* **Aim of the task**:
What is needed here is an exact printout of the data, with no pictures included.

Records from a collection
****************************************

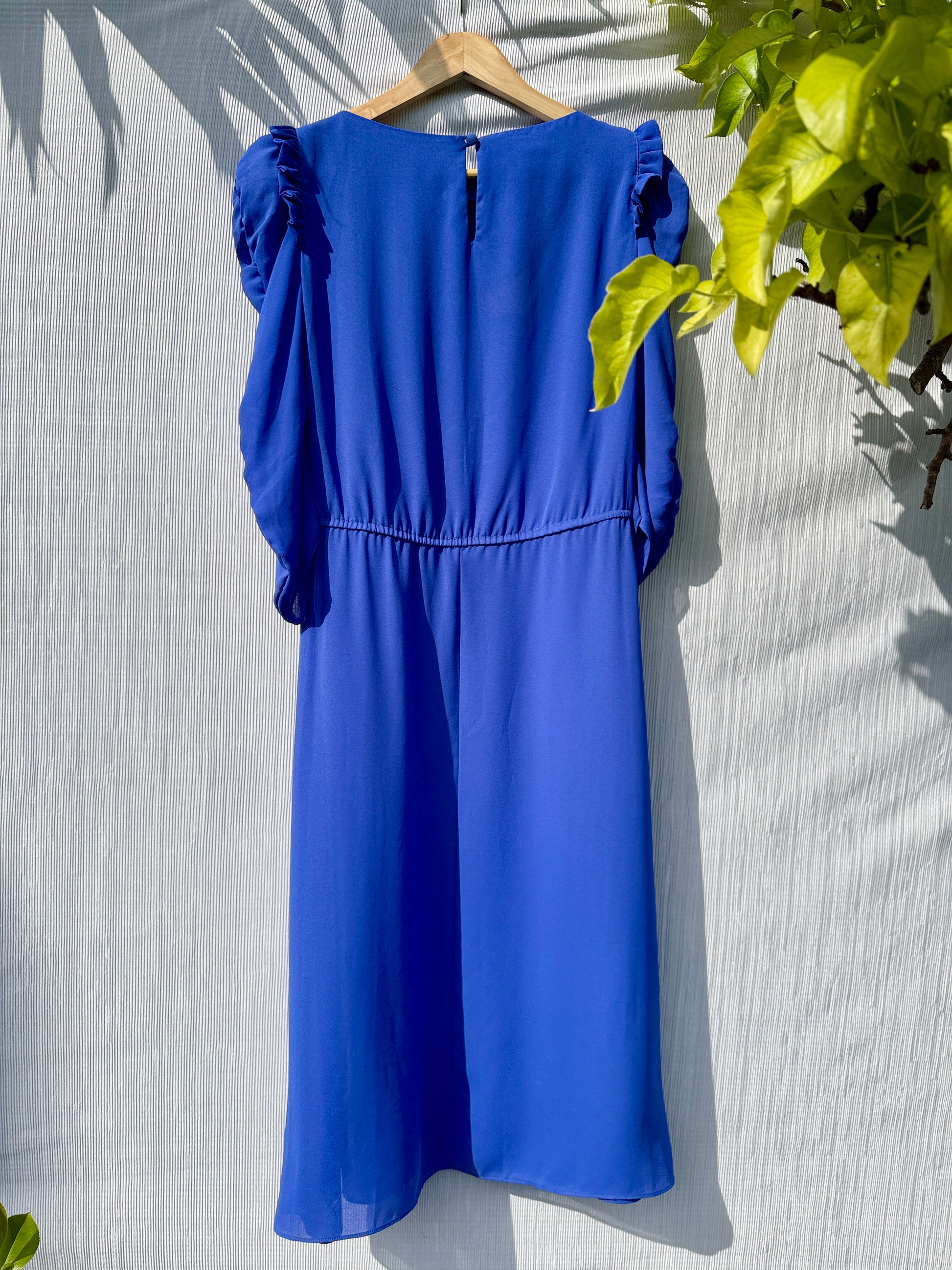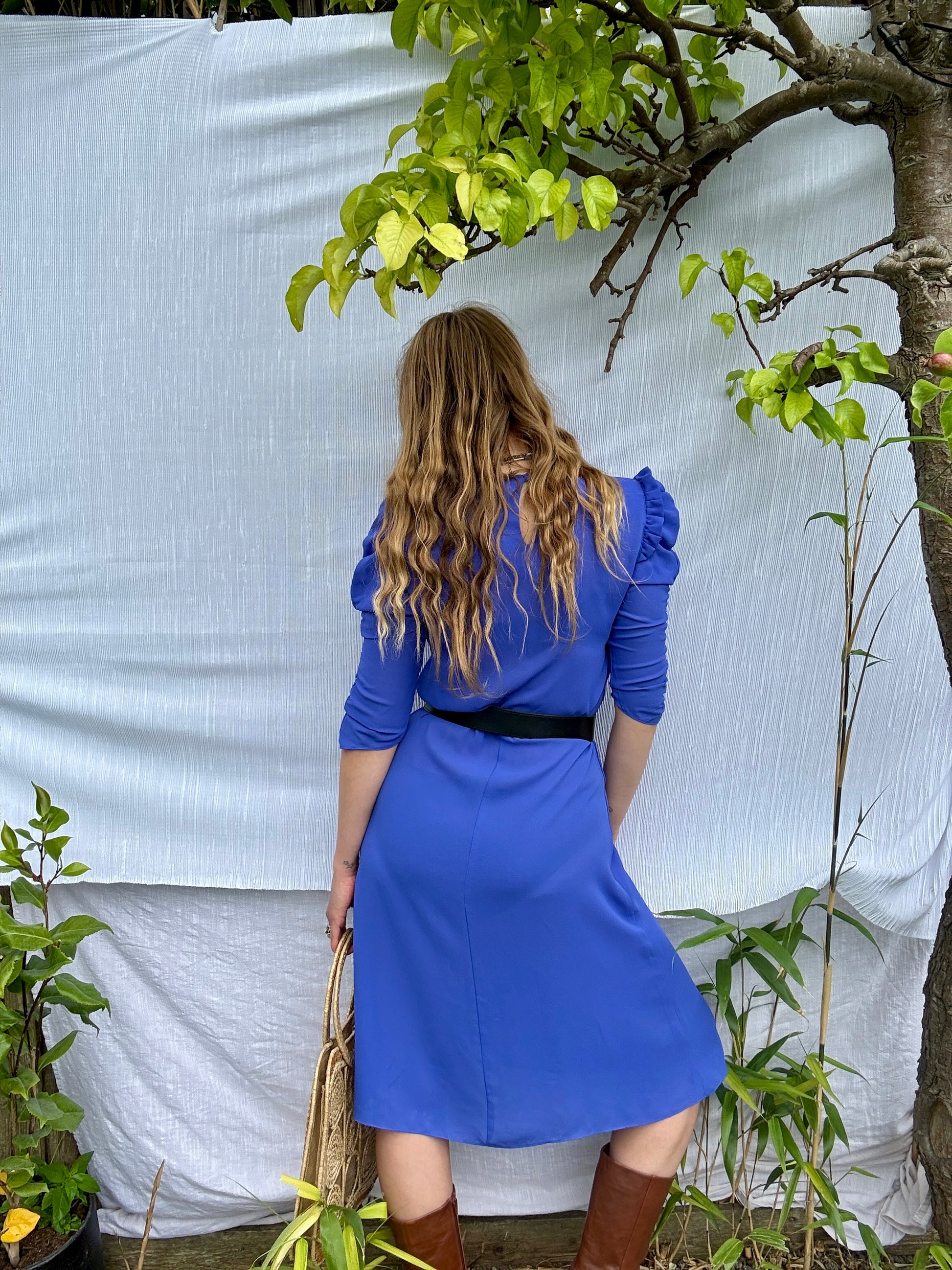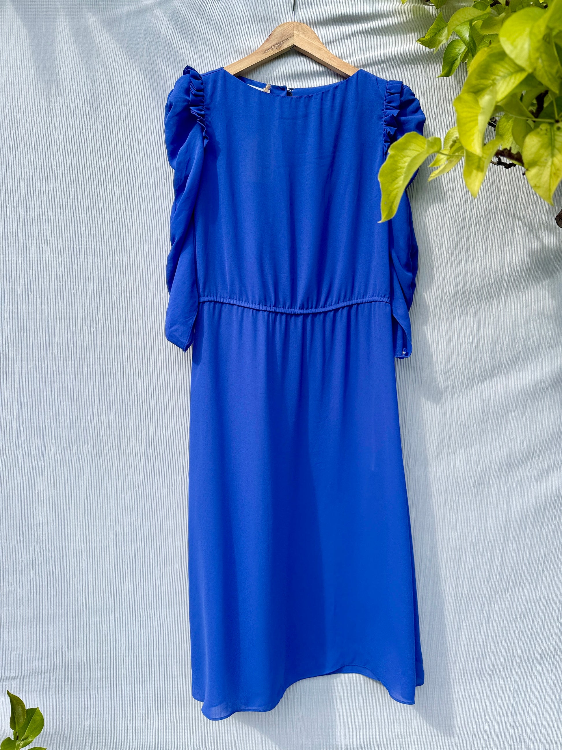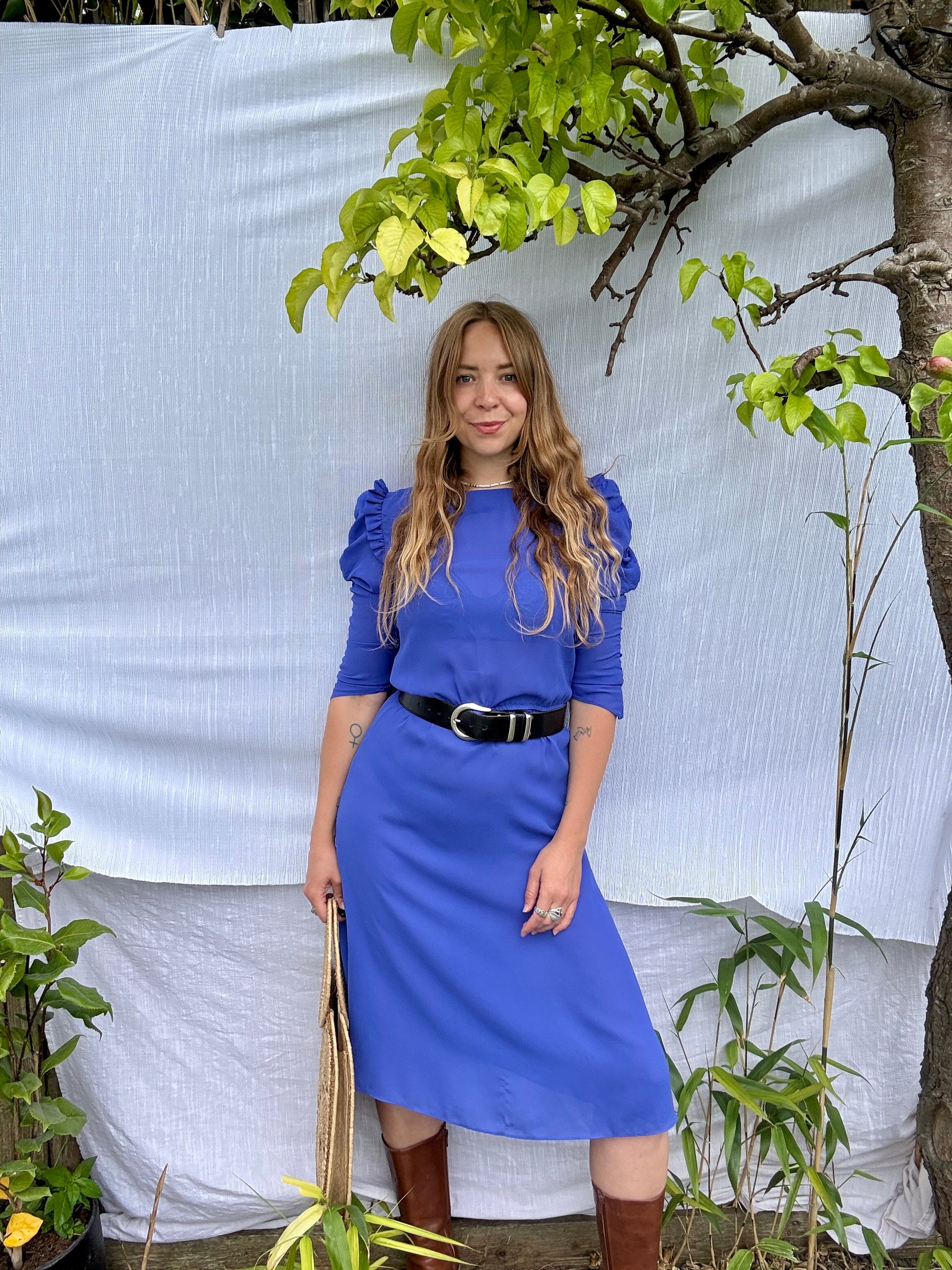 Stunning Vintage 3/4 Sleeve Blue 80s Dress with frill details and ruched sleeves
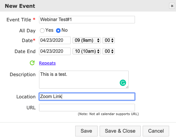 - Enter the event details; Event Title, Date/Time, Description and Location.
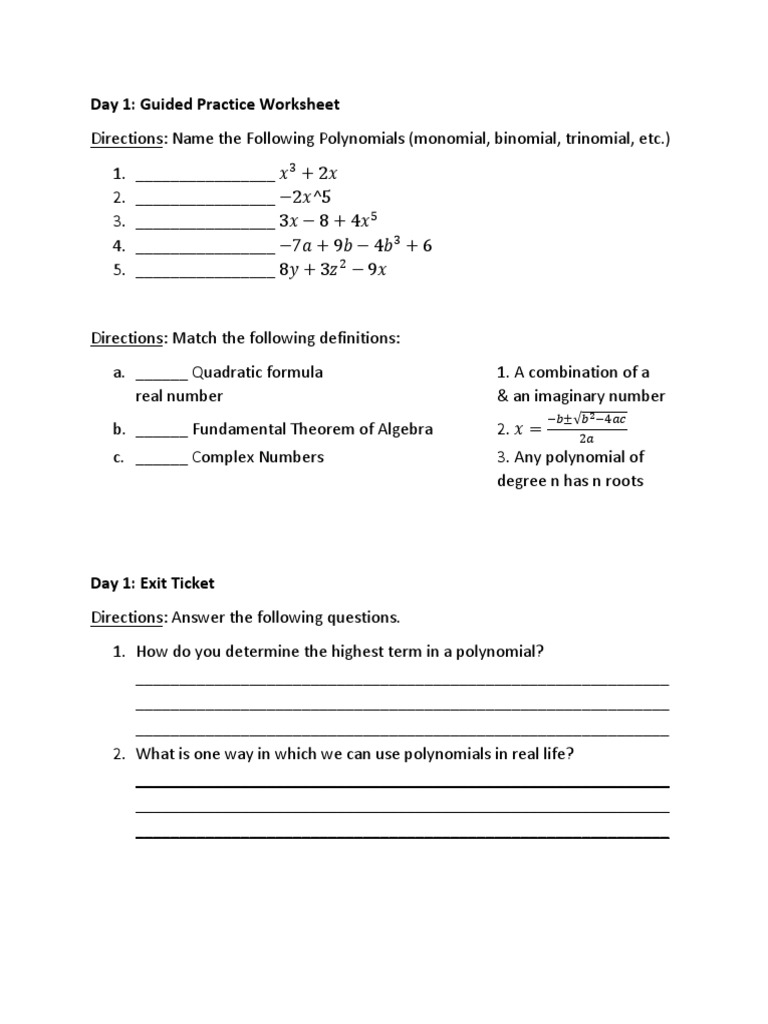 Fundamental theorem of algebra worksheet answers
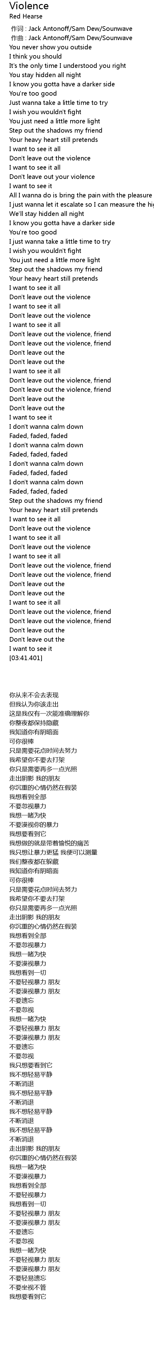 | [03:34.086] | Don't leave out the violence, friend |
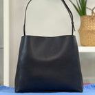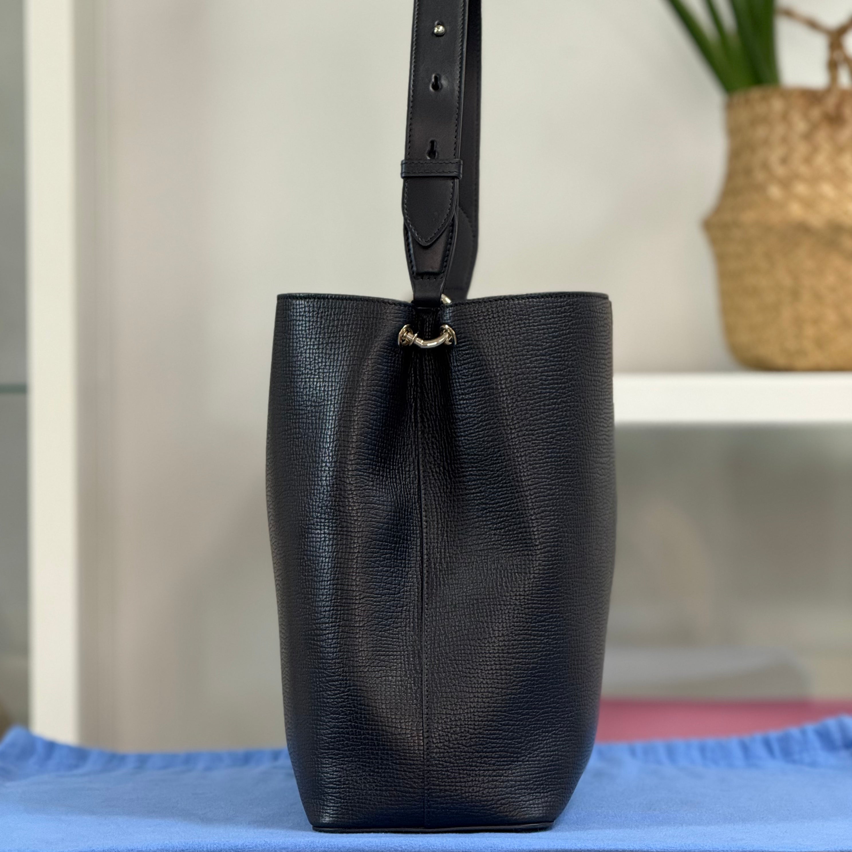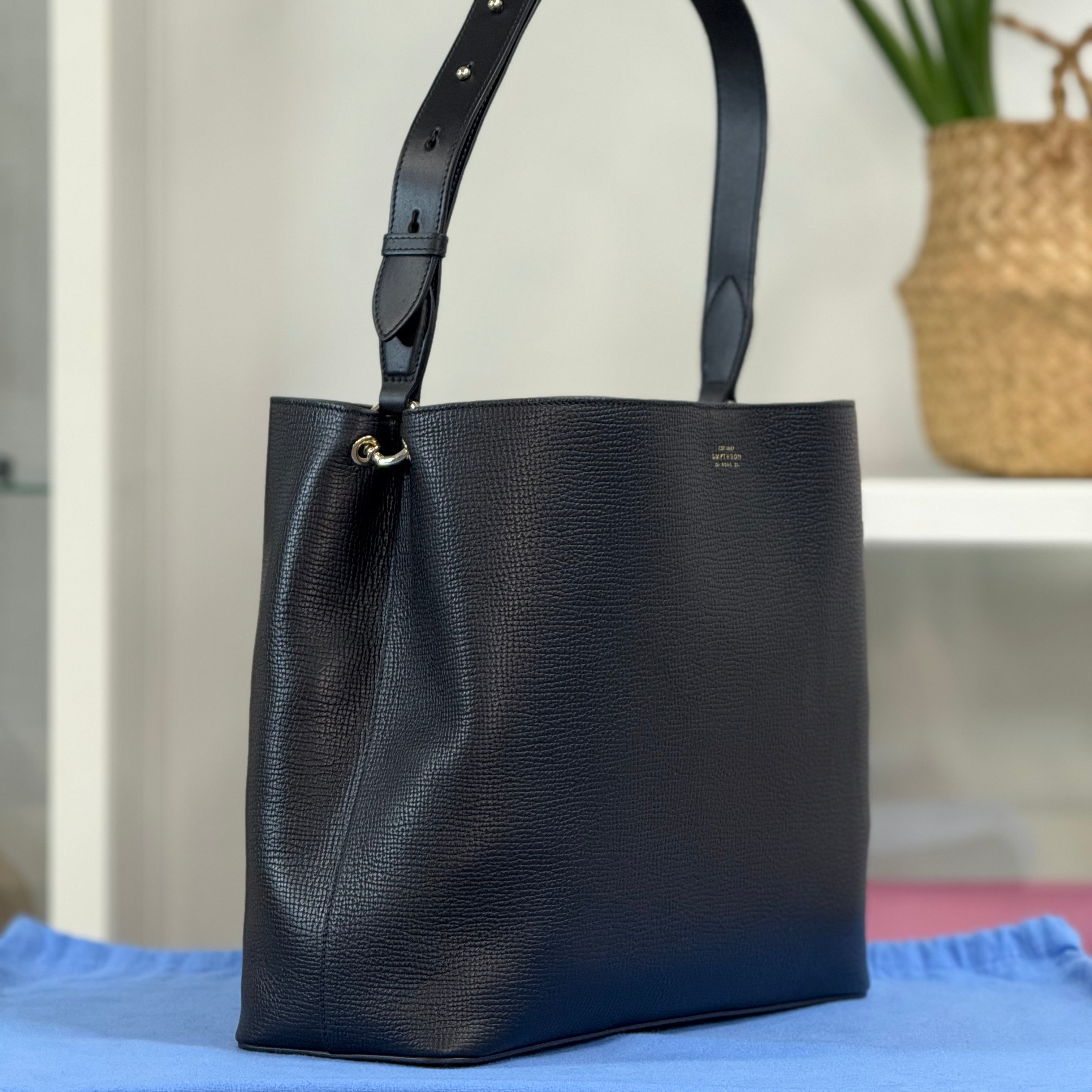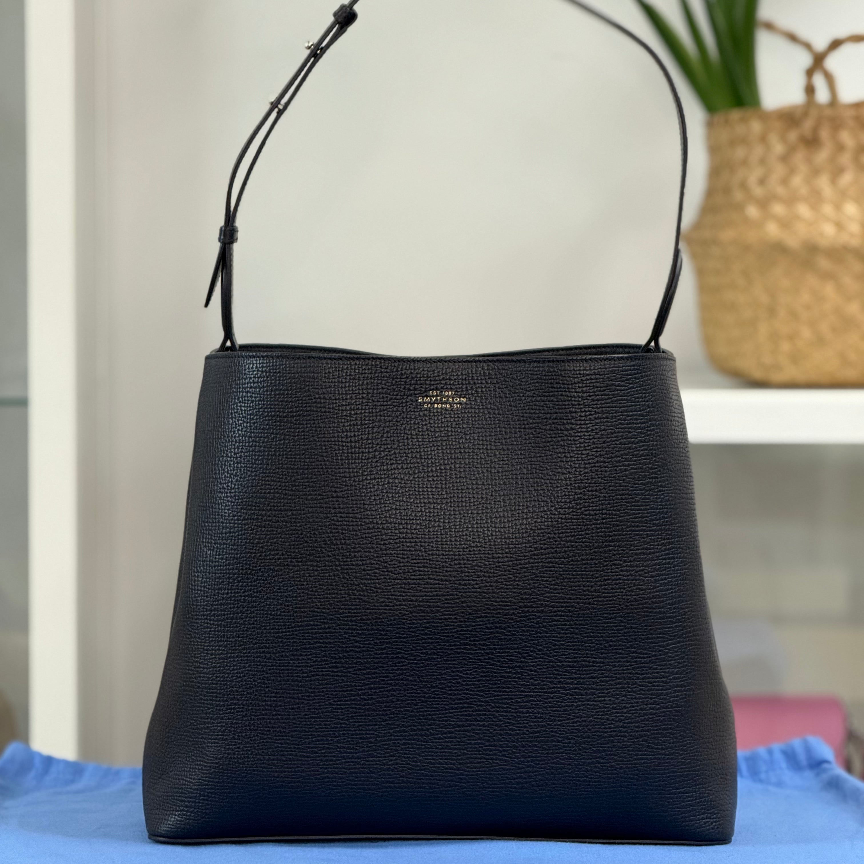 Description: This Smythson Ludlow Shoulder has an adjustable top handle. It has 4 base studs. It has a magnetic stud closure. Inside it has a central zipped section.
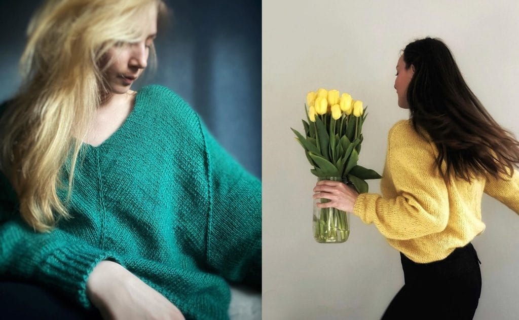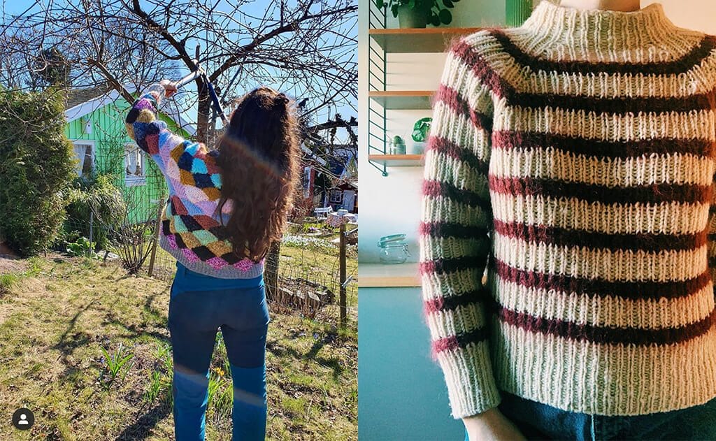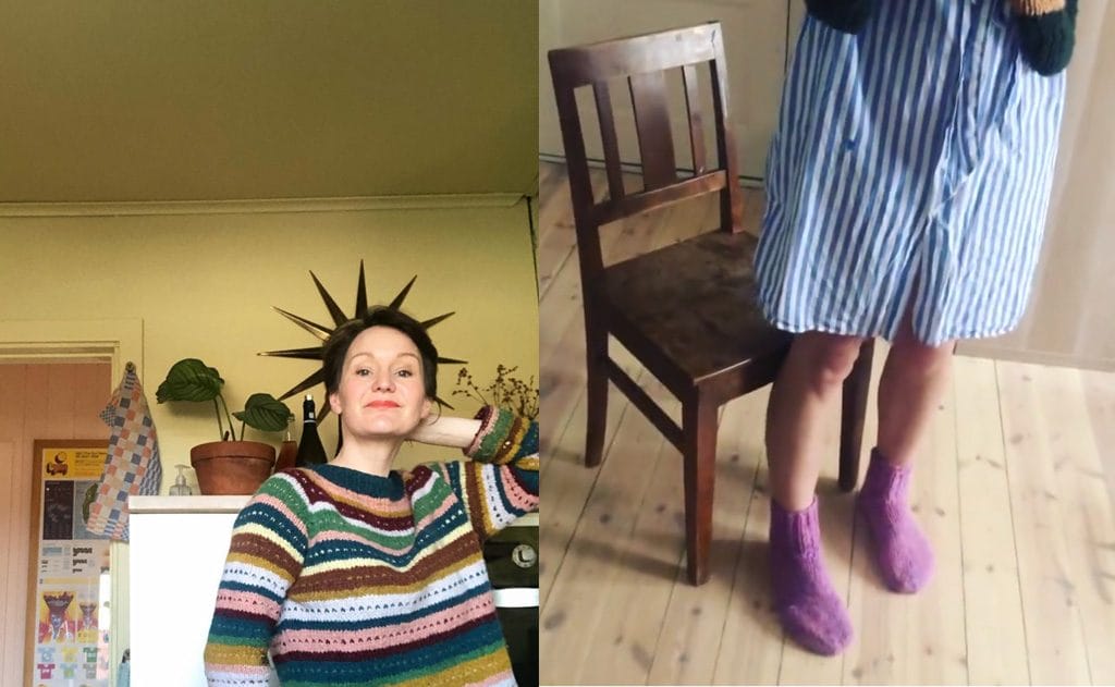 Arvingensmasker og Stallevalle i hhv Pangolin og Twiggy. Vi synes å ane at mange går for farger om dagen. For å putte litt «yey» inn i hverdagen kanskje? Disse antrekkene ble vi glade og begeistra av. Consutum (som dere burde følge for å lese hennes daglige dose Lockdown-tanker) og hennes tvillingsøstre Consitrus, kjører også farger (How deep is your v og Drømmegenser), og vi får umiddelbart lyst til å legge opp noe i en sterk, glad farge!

****************************************

* **Task answer**:
 Stunning Vintage 3/4 Sleeve Blue 80s Dress with frill details and ruched sleeves
 - Enter the event details; Event Title, Date/Time, Description and Location.
 Fundamental theorem of algebra worksheet answers
 | [03:34.086] | Don't leave out the violence, friend |
 Description: This Smythson Ludlow Shoulder has an adjustable top handle. It has 4 base studs. It has a magnetic stud closure. Inside it has a central zipped section.
 Arvingensmasker og Stallevalle i hhv Pangolin og Twiggy. Vi synes å ane at mange går for farger om dagen. For å putte litt «yey» inn i hverdagen kanskje? Disse antrekkene ble vi glade og begeistra av. Consutum (som dere burde følge for å lese hennes daglige dose Lockdown-tanker) og hennes tvillingsøstre Consitrus, kjører også farger (How deep is your v og Drømmegenser), og vi får umiddelbart lyst til å legge opp noe i en sterk, glad farge!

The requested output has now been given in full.